== The data ==

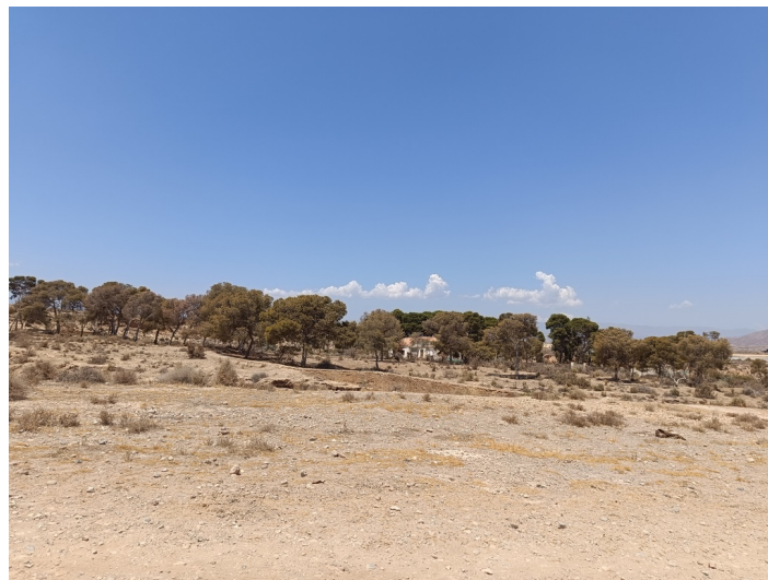
Solar-parcela nº V-1 (UA-14)
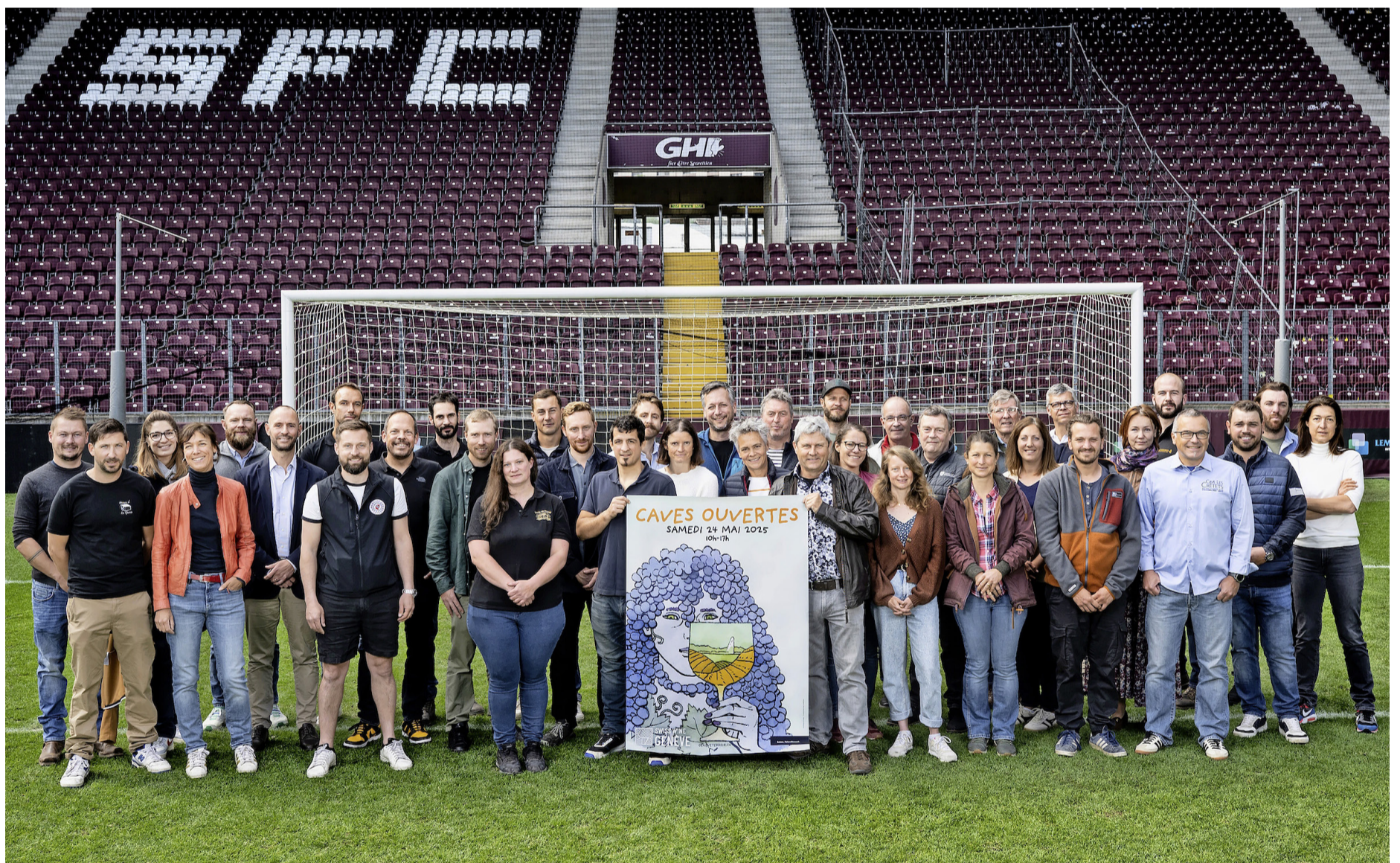
La présentation du Millésime 2024 avec les viticulteurs et viticultrices genevois au Stade de Genève, le 8 mai dernier.

Quels sont les dangers qui planent encore sur la vigne à ce stade? Il est encore possible d'avoir des épisodes de gel de printemps au mois de mai. Il faut donc prendre

===

Exercise details — The expected output is the run of lines from the one that includes "La présentation du" through the end of the listing above, exactly as they stand.

Answer space —
La présentation du Millésime 2024 avec les viticulteurs et viticultrices genevois au Stade de Genève, le 8 mai dernier.

Quels sont les dangers qui planent encore sur la vigne à ce stade? Il est encore possible d'avoir des épisodes de gel de printemps au mois de mai. Il faut donc prendre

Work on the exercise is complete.